_Aim of the exercise_
From the records below, please print only the lines from the one containing "از سوی دیگر" through the one containing "Diakhir penyampaiannya, Kakanwil", both included. Skip the pictures.

######

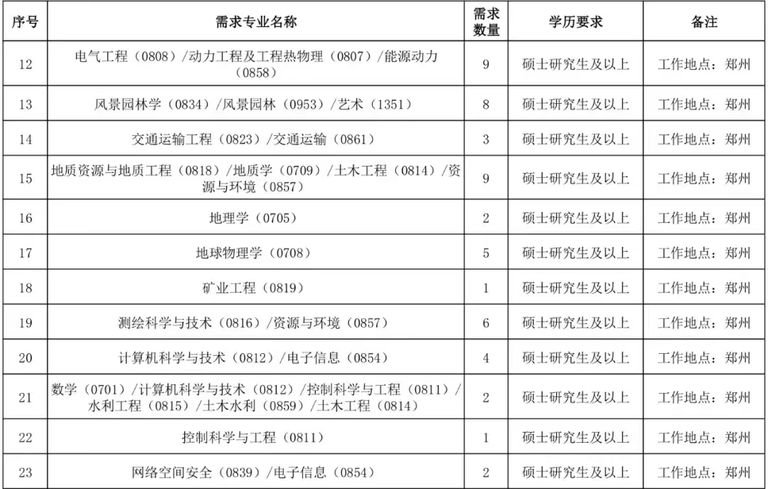招聘计划和学历要求见《黄河勘测规划设计研究院有限公司2023年度高校毕业生需求计划表》。
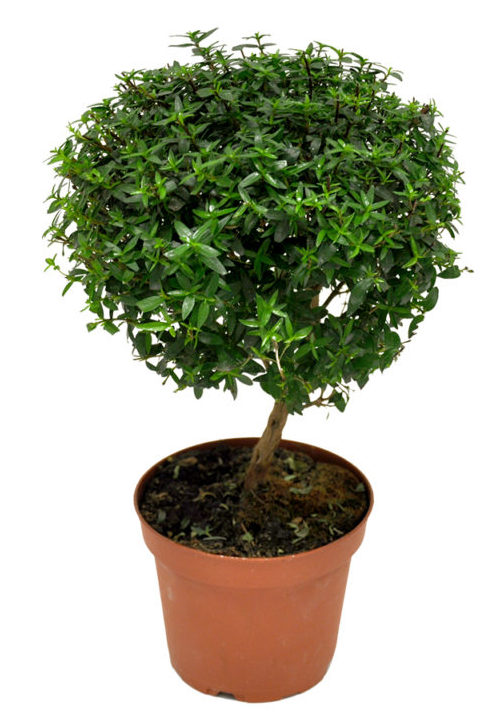 Eine immergrüne Pflanzenart mit verzweigten Stämmen und glänzenden ovalen Blättern blüht selten zu Hause und sättigt den Raum nicht mit Aroma.
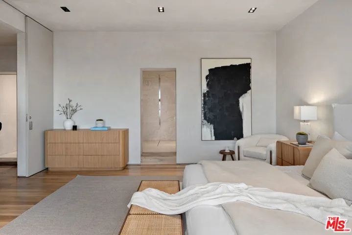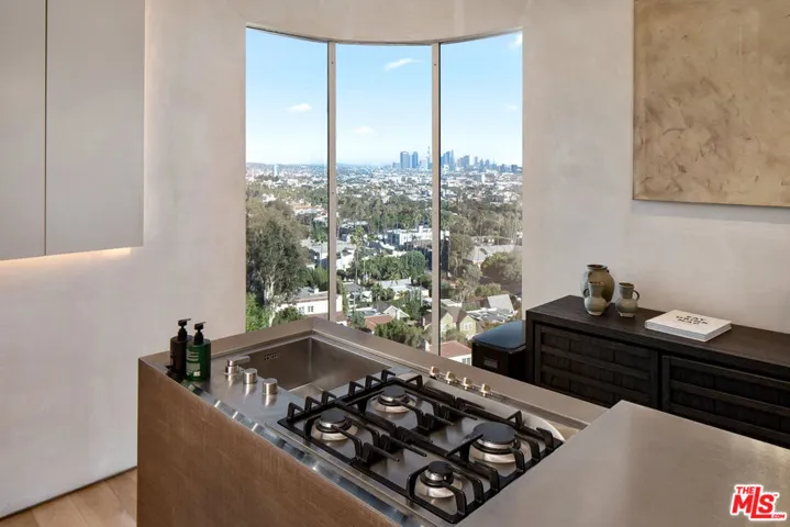 This privately-gated and former celebrity-owned contemporary hideaway sits above it all, with jetliner views stretching from Downtown LA to Century City and out to the ocean. Framed by a dramatic pivot door, the designer-done home opens to soaring ceilings, smooth Venetian plaster, hardwood floors, and sun-drenched interiors that exude a sophisticated and organic feel. The main level showcases a spacious formal living room that flows seamlessly into the dining area and chef’s kitchen, designed for both effortless entertaining and everyday living. The relaxing primary suite offers a travertine-cladded spa-like bathroom with walk-in shower and separate soaking tub, a picture window framing endless panoramic vistas, and an oversized walk-in closet. Two additional guest bedrooms are replete with en-suite baths and private balconies, with an additional flexible space that can serve as a screening room, office, or fourth bedroom. Outdoors, this estate takes entertaining to the next level with a newly added outdoor kitchen/BBQ, in-ground spa, sauna, outdoor shower, and dramatic outdoor fireplace with built-in seating providing the perfect stage for al-fresco dining, sunset gatherings, or simply unwinding above the city lights. With a prestigious history, unmatched style, and coveted location just moments from the Sunset Strip and West Hollywood, this residence is truly a private retreat set against one of the most breathtaking backdrops in Los Angeles.
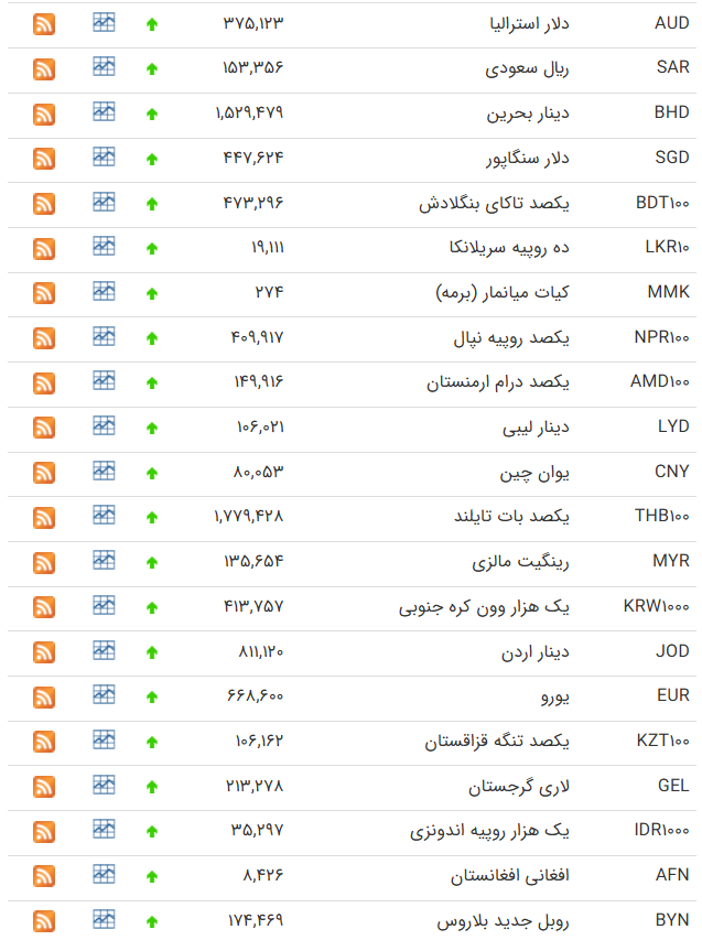از سوی دیگر اسکناس درهم امارات نیز با افزایش به 19 هزار و 596 تومان ارزش‌گذاری شده و نرخ حواله درهم نیز 19 هزار و 25 تومان است
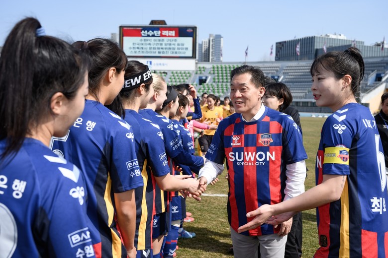 | ▲ 이재준 수원특례시장이 수원FC위민 선수단을 격려하고 있다. |
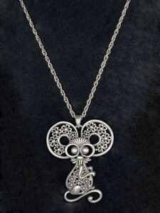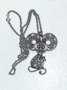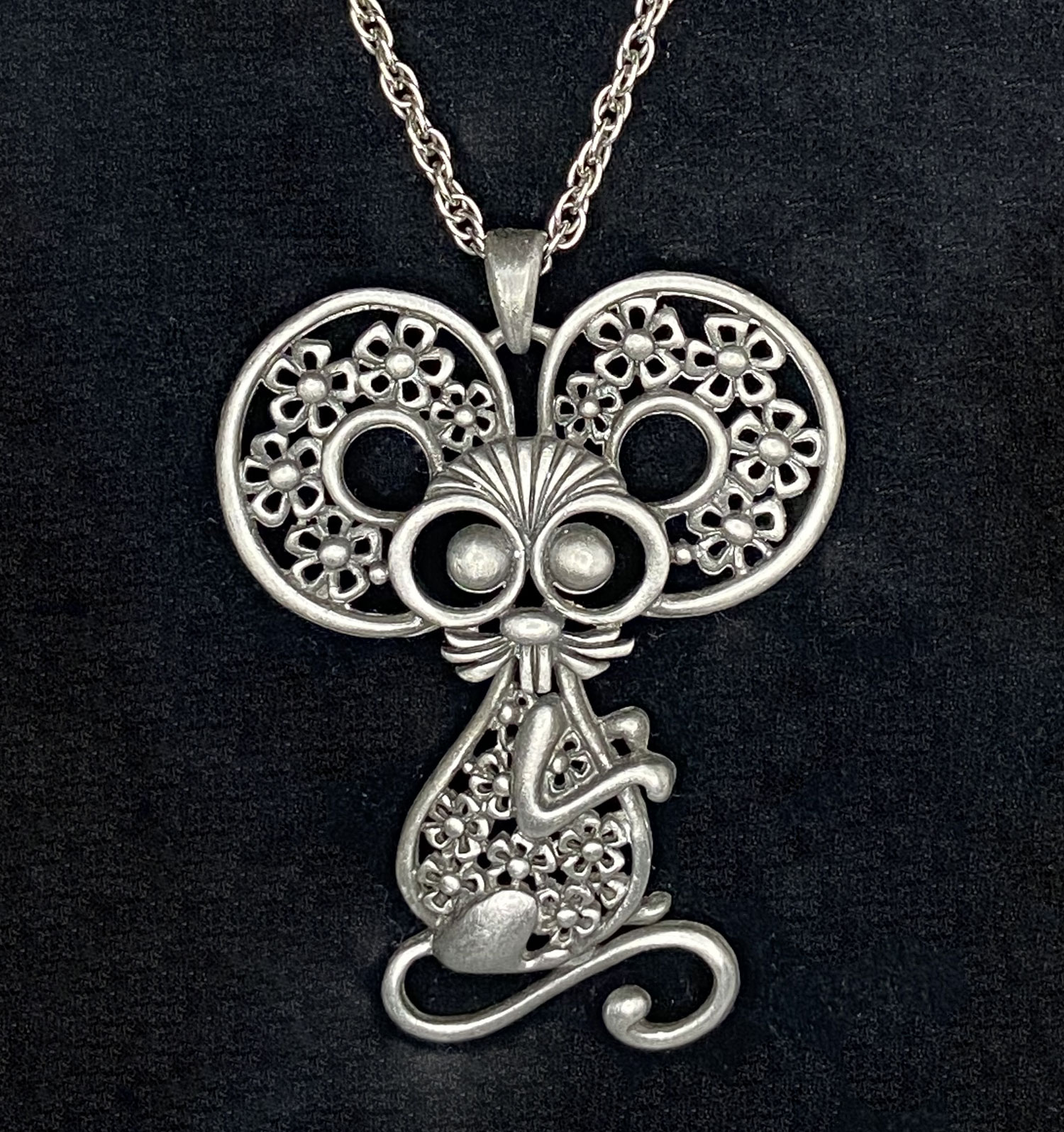 This charming pre-loved articulated pewter mouse pendant features whimsical detail and movable segments, adding playful character to any outfit. It hangs from a 24″ silver-tone chain with a secure ring clasp, making it a unique and eye-catching accessory for animal lovers and collectors alike. Pendant is 3″ long and 2″ at widest.
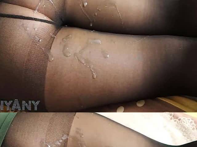 Cum clothes, shiny pantyhose
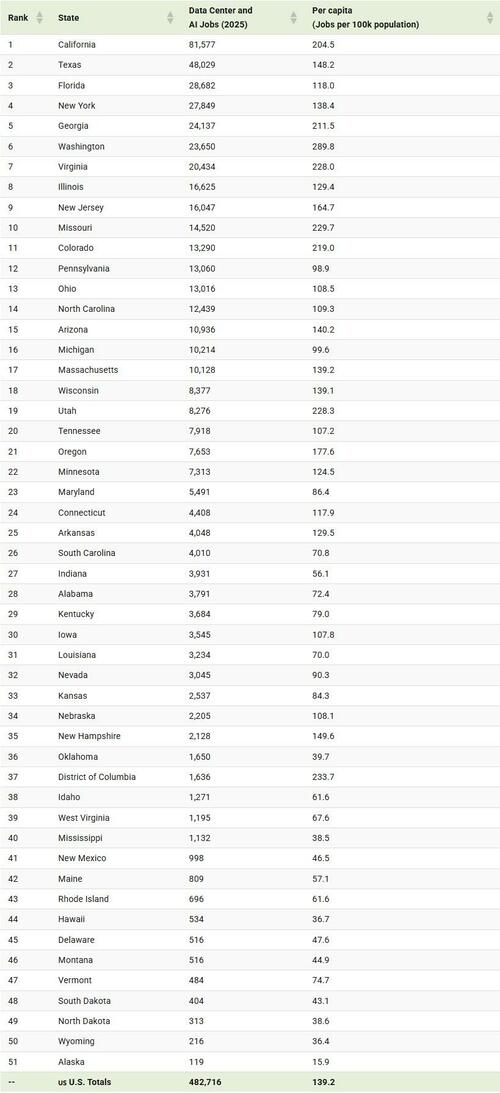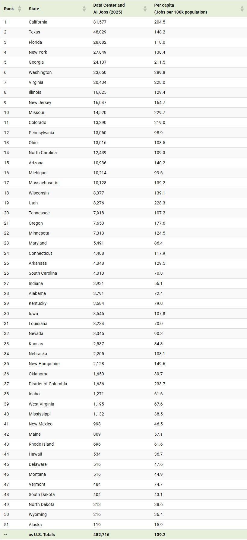 California leads the nation with 81,577 AI and data center jobs, accounting for about 17% of the U.S. total.
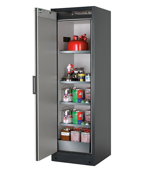Korpusfarbe Anthrazitgrau (RAL 7016), mit Flügeltür in Lichtgrau (RAL 7035), Inneneinrichtung mit 4 x Fachboden (Edelstahl 1.4301), 1 x Lochblecheinsatz, 1 x Bodenauffangwanne (Edelstahl 1.4016)
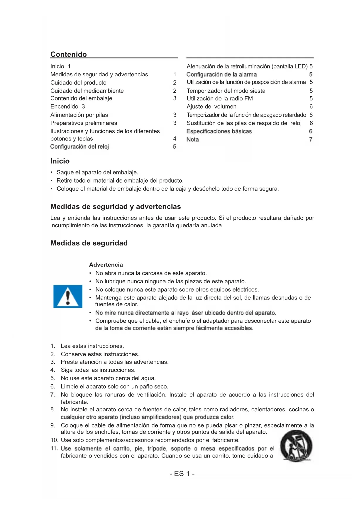 - Para apagar la funciona de radio de la alarma, pulse el botón [1] a fin de volver aponer el aparato en modo de esper.
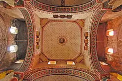 Bemerkenswert ist der Typus der Trompen unter der Kuppelwölbung. Sie dienen üblicherweise dazu, das Vierungsquadrat in die Form eines Achtecks zu überführen, auf dem dann die Kuppel aufliegt. Trompen bestehen aus kleinen Rundbögen, die eine möglichst gleichmäßige Nische einrahmen. Hier nimmt ein flacher Konsolstein den unteren Teil ein. Hierbei könnte es sich um Widerlager von Schalungsträgern bei der Erbauung der Kuppel handeln. Vielleicht handelt es sich auch um eine geschickte Lösung, den heiklen Übergang der Nischen und den Vierungsecken zu überbrücken. Im Scheitel der Kuppel gibt es eine kreisrunde Öffnung, zum vertikalen Transport von Glocken, Werkzeug und Baumaterial. Ihre Höhe beträgt 23,30 Meter.
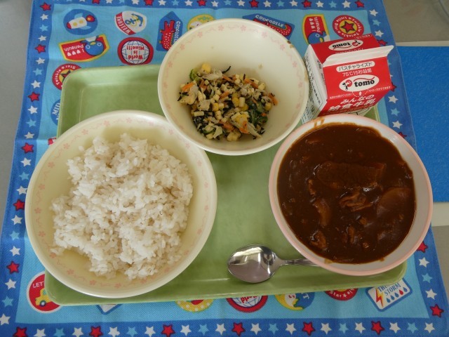 本日の献立は、「麦ご飯、牛乳、ハヤシライス、ひじきサラダ」 ハヤシライスは、大きなじゃがいもとたまねぎ、豚肉などが口の中でとろけて、麦ご飯とよく合うおいしさです。ひじきサラダは、マヨネーズやチーズ、ごまの風味が特徴的でとてもおいしいです。
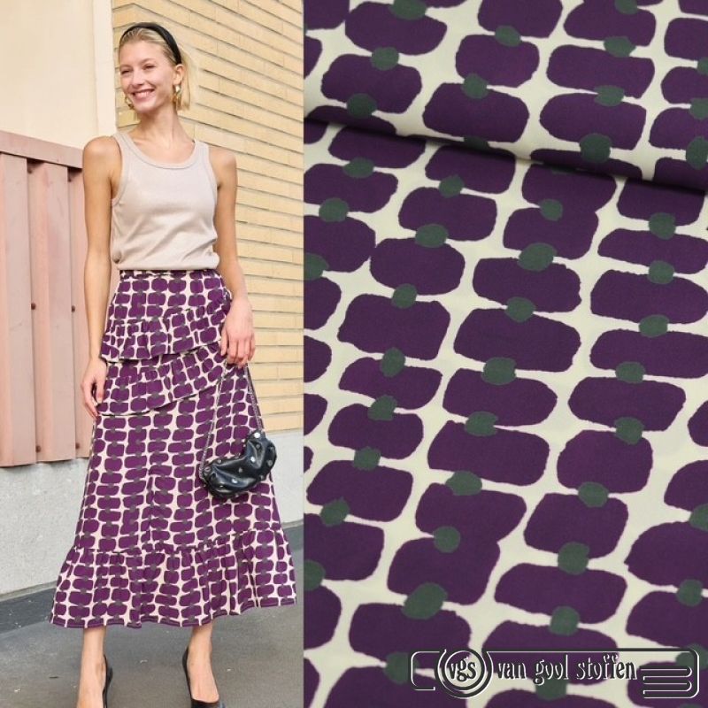 Viscose abstract print aubergine paars A La Ville / knipmode
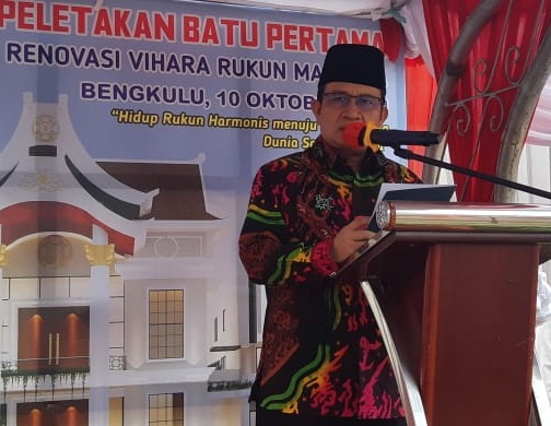Diakhir penyampaiannya, Kakanwil mendukung serta menyampaikan apresiasi atas pemugaran dan peletakan batu pertama pembangunan Vihara Rukun Maitrea Kota Bengkulu ini.
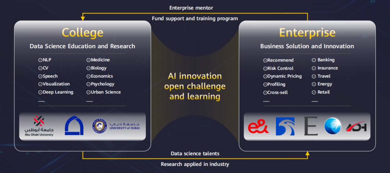 他以阿联酋的高校举例,展示了和鲸是如何基于现有的行业资源、场景服务等差异化的产品供给与服务,为阿联酋提供“产品+服务+资源”的端到端交付,架起 AI 领域教育与产业间的桥梁。他表示,事实上“如何帮助本地的青年人才掌握 AI 的技能、参与 AI 的行业”这个问题在北美也没有被很好解决,北美的 AI 人才也是短缺的。
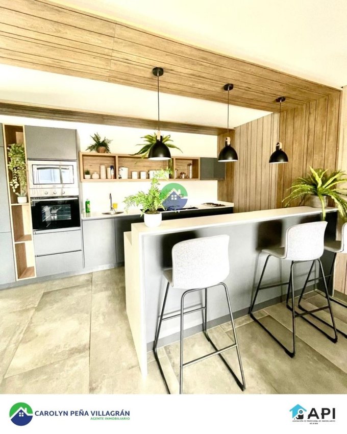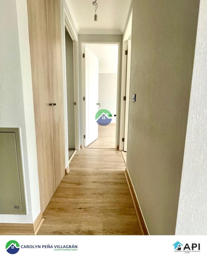 Consta de 2 dormitorios (con closet) y 2 baños (principal en suite), cocina americana amoblada, full equipada con campana, encimera vitrocerámica y horno eléctrico, Living-comedor con acceso a balcón, loggia, ventanas de termopanel PVC, piso fotolaminado en Living-comedor y dormitorios, Piso gris porcelánico en cocina salpicadero en cocina, calefon.

######

_Answer to this exercise_
از سوی دیگر اسکناس درهم امارات نیز با افزایش به 19 هزار و 596 تومان ارزش‌گذاری شده و نرخ حواله درهم نیز 19 هزار و 25 تومان است
 | ▲ 이재준 수원특례시장이 수원FC위민 선수단을 격려하고 있다. |
 This charming pre-loved articulated pewter mouse pendant features whimsical detail and movable segments, adding playful character to any outfit. It hangs from a 24″ silver-tone chain with a secure ring clasp, making it a unique and eye-catching accessory for animal lovers and collectors alike. Pendant is 3″ long and 2″ at widest.
 Cum clothes, shiny pantyhose
 California leads the nation with 81,577 AI and data center jobs, accounting for about 17% of the U.S. total.
Korpusfarbe Anthrazitgrau (RAL 7016), mit Flügeltür in Lichtgrau (RAL 7035), Inneneinrichtung mit 4 x Fachboden (Edelstahl 1.4301), 1 x Lochblecheinsatz, 1 x Bodenauffangwanne (Edelstahl 1.4016)
 - Para apagar la funciona de radio de la alarma, pulse el botón [1] a fin de volver aponer el aparato en modo de esper.
 Bemerkenswert ist der Typus der Trompen unter der Kuppelwölbung. Sie dienen üblicherweise dazu, das Vierungsquadrat in die Form eines Achtecks zu überführen, auf dem dann die Kuppel aufliegt. Trompen bestehen aus kleinen Rundbögen, die eine möglichst gleichmäßige Nische einrahmen. Hier nimmt ein flacher Konsolstein den unteren Teil ein. Hierbei könnte es sich um Widerlager von Schalungsträgern bei der Erbauung der Kuppel handeln. Vielleicht handelt es sich auch um eine geschickte Lösung, den heiklen Übergang der Nischen und den Vierungsecken zu überbrücken. Im Scheitel der Kuppel gibt es eine kreisrunde Öffnung, zum vertikalen Transport von Glocken, Werkzeug und Baumaterial. Ihre Höhe beträgt 23,30 Meter.
 本日の献立は、「麦ご飯、牛乳、ハヤシライス、ひじきサラダ」 ハヤシライスは、大きなじゃがいもとたまねぎ、豚肉などが口の中でとろけて、麦ご飯とよく合うおいしさです。ひじきサラダは、マヨネーズやチーズ、ごまの風味が特徴的でとてもおいしいです。
 Viscose abstract print aubergine paars A La Ville / knipmode
Diakhir penyampaiannya, Kakanwil mendukung serta menyampaikan apresiasi atas pemugaran dan peletakan batu pertama pembangunan Vihara Rukun Maitrea Kota Bengkulu ini.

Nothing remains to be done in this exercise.